Damn, Bob:  You've been reading my mail!!!     If you don't believe it, just ask my wife.  She'll tell you.  My problem when I clean and put things back where they belong, I can no longer find them


----------



## johncrane (Mar 4, 2013)

Looks ok to me Bob! i'd probably clean out the sawdust just to be fire safe.:wink::biggrin:


----------



## Jeannius (Mar 4, 2013)

You have made me feel a lot better about my space! My husband usually walks into the workshop, sighs heavily, and walks out again...   

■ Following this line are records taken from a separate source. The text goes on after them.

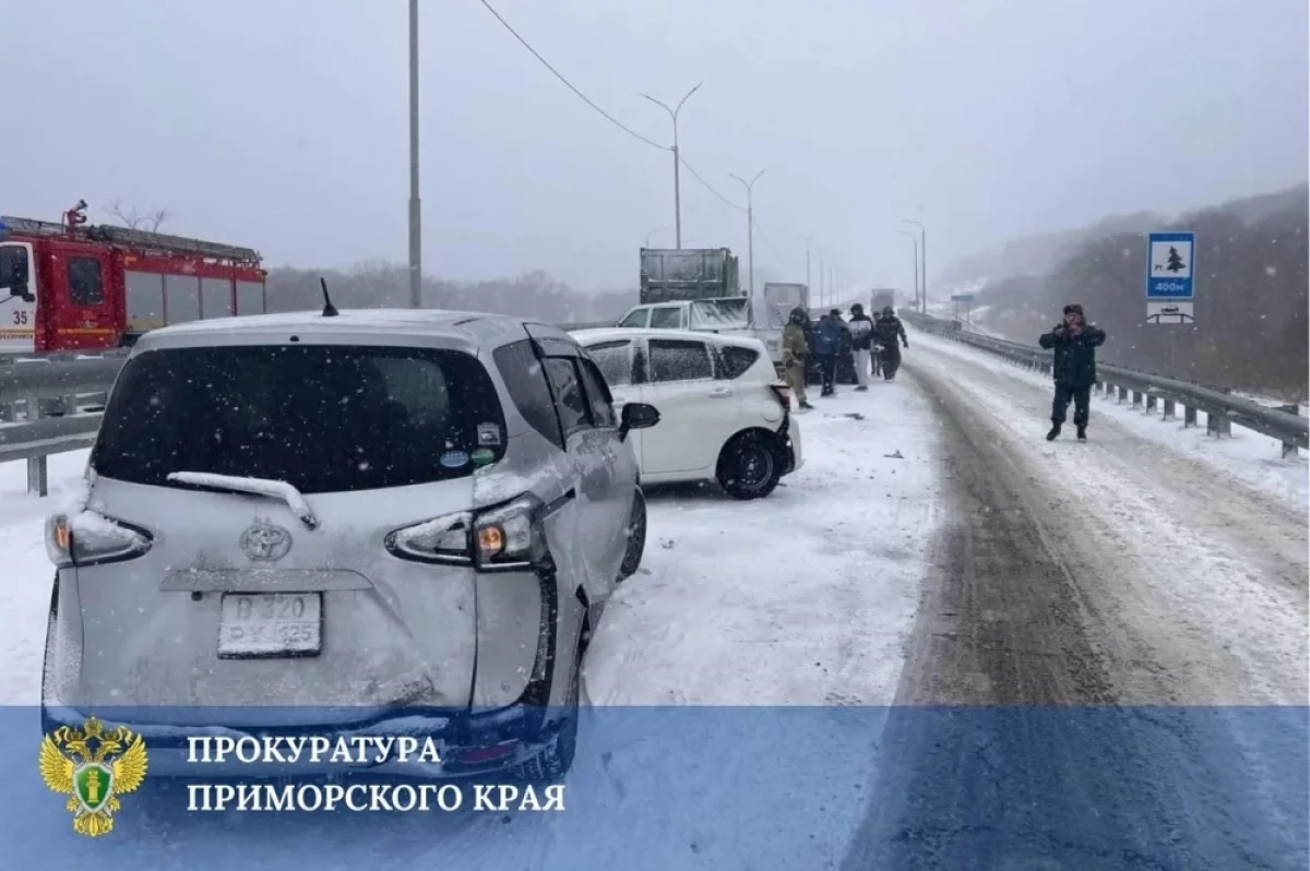 Прокуратура Приморского края поставила на контроль установление обстоятельств массового ДТП в Уссурийске. В надзорном ведомстве сообщили, что днем 20 марта 2026 года на 679‑м километре автомобильной дороги Хабаровск — Владивосток произошло дорожно‑транспортное происшествие с участием 14 автомобилей.
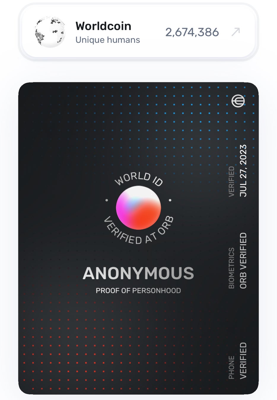②人間だけが受け取れるデジタル通貨「$WLD」を2週間に一度Claimできる。
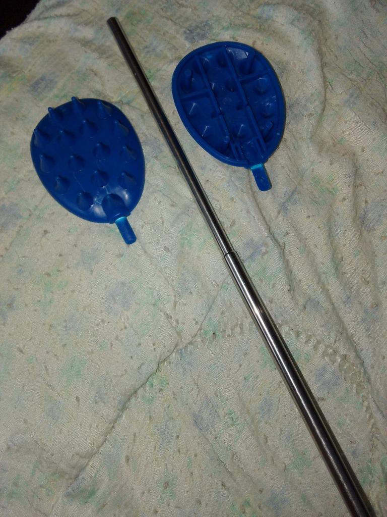 Unexpectedly cool grooming tool. One side is stiffer, the other side is softer. The handle extends to different lengths
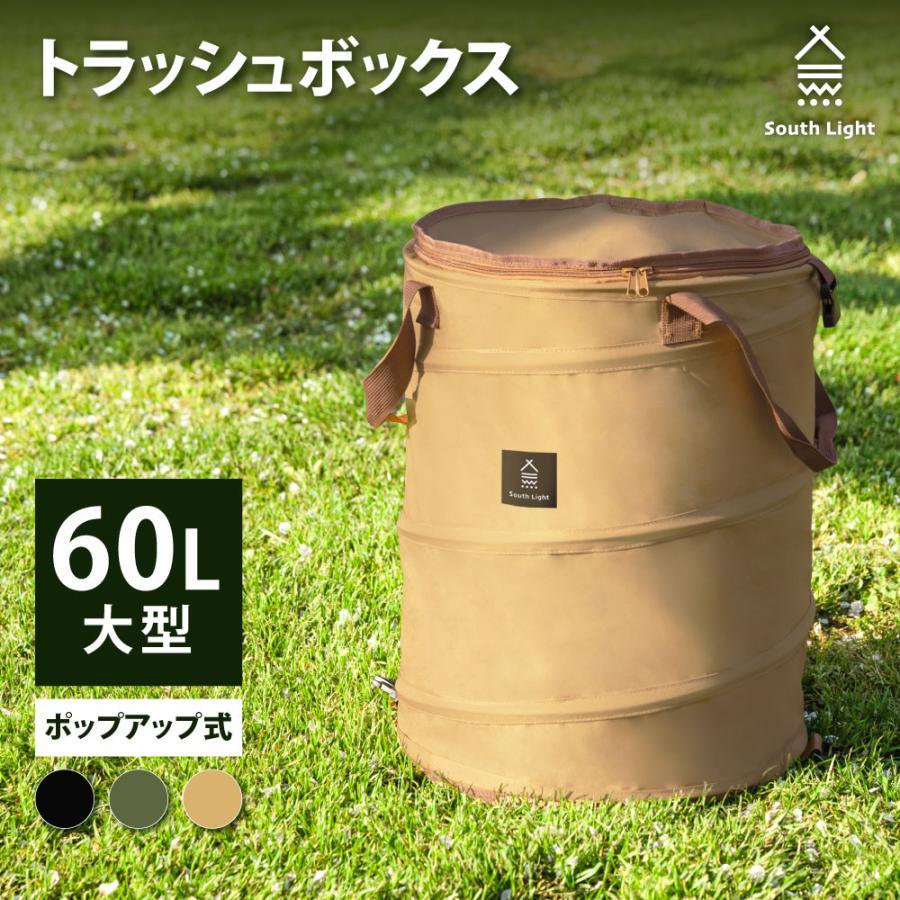 トラッシュボックス ポップアップ キャンプ用ゴミ箱 60L 折りたたみ ゴミ箱 ボックス 蓋付き バッグ 収納ボックス 薪入れ ダストボックス ソロキャンプ 用品 アウトドア キャンプ用 ゴミ箱兼収納用

I told someone about it once before, and their comment was 'How long did it take you to learn that trick?'   :biggrin:


----------



## jcm71 (Mar 4, 2013)

Did you enter the "Identify the Shop" contest?


----------



## Wullie Shields (Mar 4, 2013)

Hi 
looks like paradise to me, only problem cant see kettle
willie


----------



## markgum (Mar 4, 2013)

I don't see a problem...   
heck I have to move 2 tools to use 1.


----------



## MarkD (Mar 4, 2013)

I don't see a problem. It looks just like my area!
Don't clean up too much or you will never find anything!


----------



## Justturnin (Mar 4, 2013)

Glad I am not the only one.  I have been watching Craigslist for someone tossing out old kitchen cabinets to put in my shop just to try and get some order to it.


----------



## JMCU (Mar 4, 2013)

I feel your pain.  I have to clean every time the shop gets reconfigured for a differant job.  The plastic box below the lathe in pic 3 is a good idea i like that.  Is there a chance we could see the roller guide shown in the background of that picture a little closer.


----------



## Old Lar (Mar 4, 2013)

Looks like a well used shop. A sanctuary!


----------



## Ed McDonnell (Mar 4, 2013)

Bob - What the heck are you talking about.  I see plenty of empty horizontal surface area in those pictures.  And the wood racks are only partially full.  You don't show any pictures of stuff hanging from the ceiling or the walls.  I think you are months, maybe years from needing to spend time on clean up.

Ed


----------



## lyonsacc (Mar 4, 2013)

Maybe sweep up some of the chips. Otherwise, your good 

Dave


----------



## PWL (Mar 4, 2013)

What mess????

Paul


----------



## SerenityWoodWorks (Mar 4, 2013)

Holy Crap, I guess I am the only OCD one here... I would have to strike a match and start all over. I will have nightmares now about this and might even need to come help you clean up the shop before they stop!


----------



## walshjp17 (Mar 4, 2013)

Compared to my garage shop, yours is in quite good order.


----------



## Tieflyer (Mar 4, 2013)

Ok everyone...my shop IS clean and I'll be happy to help with cleaning yours!  Please send all unwanted wood and tools to my home address: 3627...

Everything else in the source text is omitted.